REQUIRED ACTION —
From first line to last, transcribe the listing exactly and skip any image.

DATA BELOW —
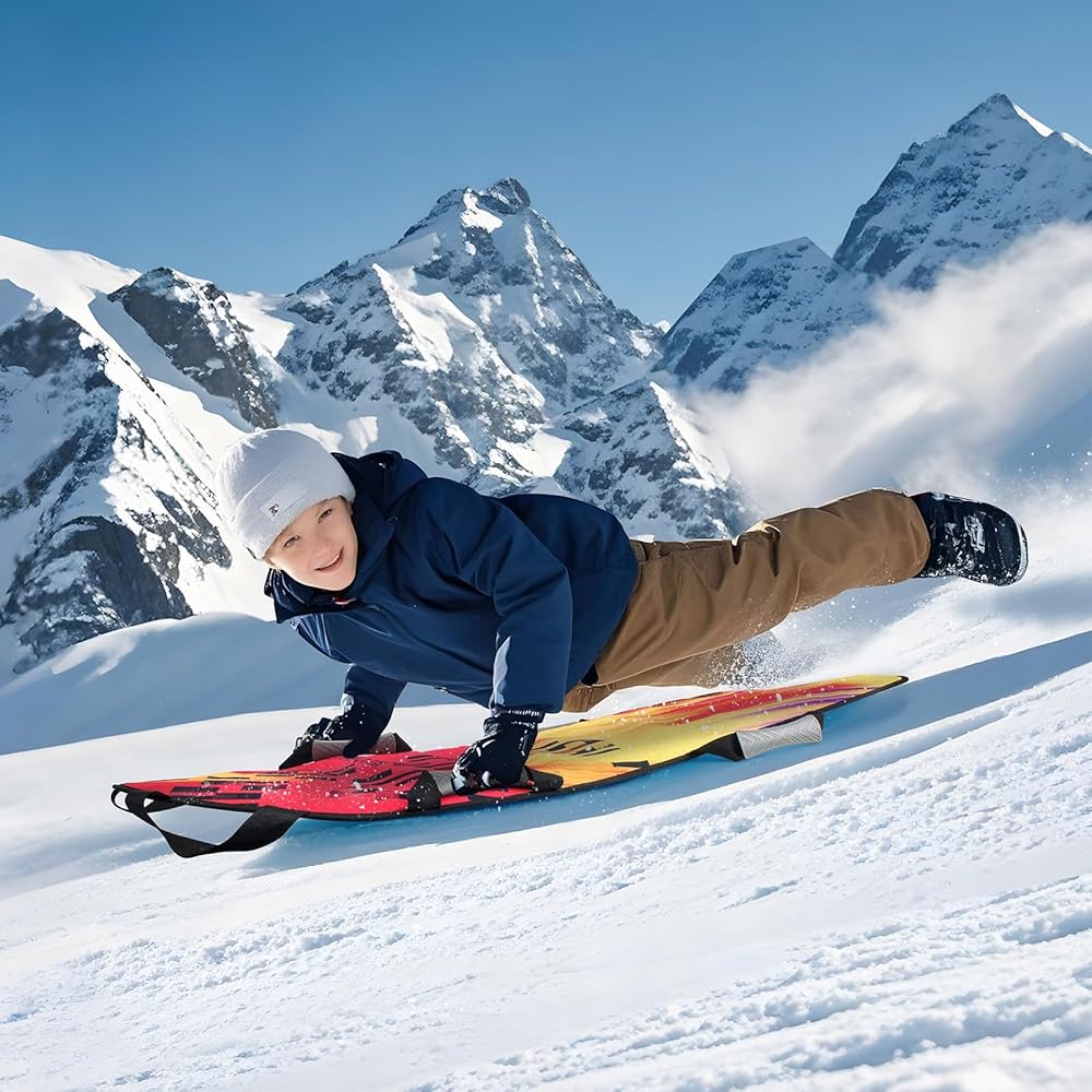 ️𝗕𝗔𝗟𝗔𝗡𝗖𝗘 𝗔𝗡𝗗 𝗖𝗢𝗡𝗧𝗥𝗢𝗟 𝗔𝗧 𝗬𝗢𝗨𝗥 𝗙𝗘𝗘𝗧: Take charge of your sledding adventure with our sled's two built-in feet slits. The sleek, polished underside of our sled ensures a seamless, rapid glid,Whether you're tackling steep slopes or gliding through gentle drifts, they provide ultimate balance and control, ensuring a stable and thrilling ride. Embrace the excitement of the snow with our Unique Snow Sled!
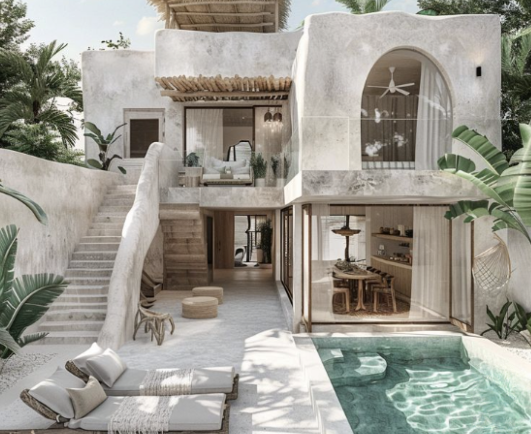 ohemian luxury meets modern comfort in this Tulum-inspired villa, blending natural textures with contemporary design.
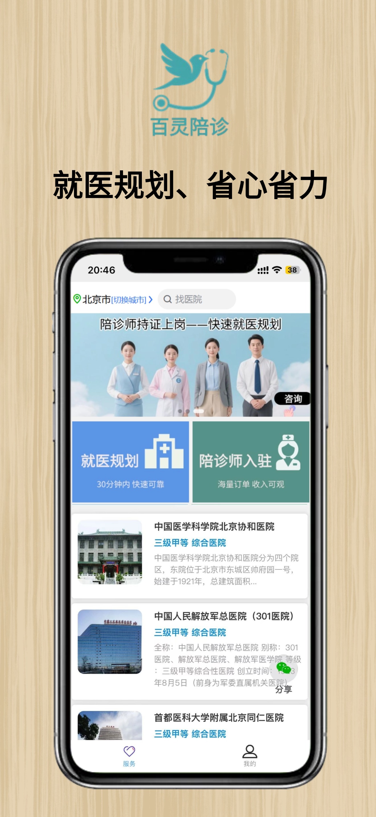 - 深度陪同北京、上海、广州等城市三甲医院(协和、301、北医三院、积水潭、天坛、安贞、东肿、北肿、儿童医院、北大一院、北大人民、中日友好、阜外、宣武等)

RESPONSE —
 ️𝗕𝗔𝗟𝗔𝗡𝗖𝗘 𝗔𝗡𝗗 𝗖𝗢𝗡𝗧𝗥𝗢𝗟 𝗔𝗧 𝗬𝗢𝗨𝗥 𝗙𝗘𝗘𝗧: Take charge of your sledding adventure with our sled's two built-in feet slits. The sleek, polished underside of our sled ensures a seamless, rapid glid,Whether you're tackling steep slopes or gliding through gentle drifts, they provide ultimate balance and control, ensuring a stable and thrilling ride. Embrace the excitement of the snow with our Unique Snow Sled!
 ohemian luxury meets modern comfort in this Tulum-inspired villa, blending natural textures with contemporary design.
 - 深度陪同北京、上海、广州等城市三甲医院(协和、301、北医三院、积水潭、天坛、安贞、东肿、北肿、儿童医院、北大一院、北大人民、中日友好、阜外、宣武等)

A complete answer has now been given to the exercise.